Стэнтон пошел за стариком по крутым лестничным пролетам в подвал.
— Мое изобретение, — кричал на ходу Браун, — сделает бесполезными поезда, автомобили, океанские лайнеры, лифты и самолеты. Все это будет уже ненужно. Хотя, разумеется, внедрять его нужно будет очень осторожно, — он даже на секунду остановился и потряс в воздухе тощим указательным пальцем. — Это может привести к самому ужасному экономическому кризису в истории Человечества!
И Браун включил в подвале свет.
Стэнтон огляделся.
— Не туда, не туда, — воскликнул Браун, взмахнув дрожащей рукой. — Это просто полки с химикатами.
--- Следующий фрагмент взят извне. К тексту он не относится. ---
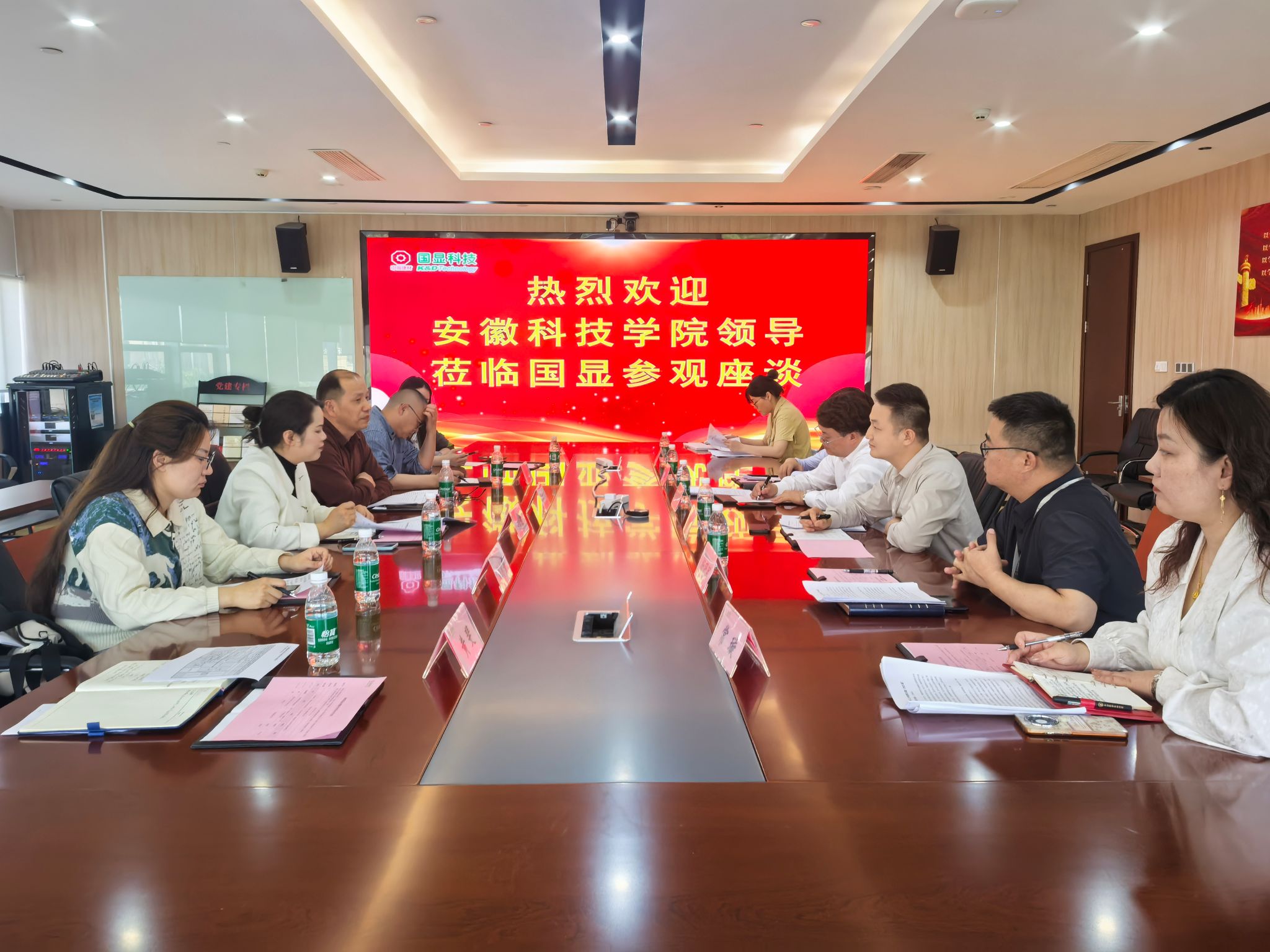 5月6日下午,WG官方网站管理学院党委书记丁景良、副院长郑谦,物流系、管理系、营销系教师和辅导员代表一行6人赴蚌埠国显科技有限公司考察交流。受到公司科技副总经理吴国伟、制造副总经理宋玉梁、战略资源采购部部长向助东及人事行政部部长杨冠军等领导热情接待。

В углу полуразобранный рентгеновский аппарат. А вот здесь камера Вильсона. В общем, всякая электрическая дребедень. И не требуйте с меня чертежей. Мосле вы все запишите на бумаге. А пока что я обещаю вам демонстрацию эксперимента. И не обращайте внимания на запах. Это мешок гниющего картофеля. Вот сюда! Посмотрите на эти установки.
Установок было две — по одной у противоположных стен, как раз по обе стороны лестницы, по которой они спустились в подвал. Больше всего они походили на рентгеновские аппараты. По крайней мере, так показалось Стэнтону.
Расположены они были так, что, включенные, они, очевидно, посылали лучи через все помещение плоскими, вертикальными стенками.
— Немного напоминает рентгеновские аппараты, — словно прочитав его мысли, сказал Браун, возбужденно потирая руки. — Немного! Тут вот есть аноды, катоды и мишени. Но вы можете обнаружить, что служащие мишенями экраны созданы не из обычных материалов, какие обычно используют в рентгенах. Совсем другие здесь материалы, Стэнтон, совсем другие! Приятно видеть, что вы хоть немного разбираетесь в науке! Вы ведь знаете, что обычная рентгеновская трубка испускает свет, тепло и рентгеновские лучи? То есть, колебания, в десять тысяч раз более быстрые, чем свет из обычной лампы?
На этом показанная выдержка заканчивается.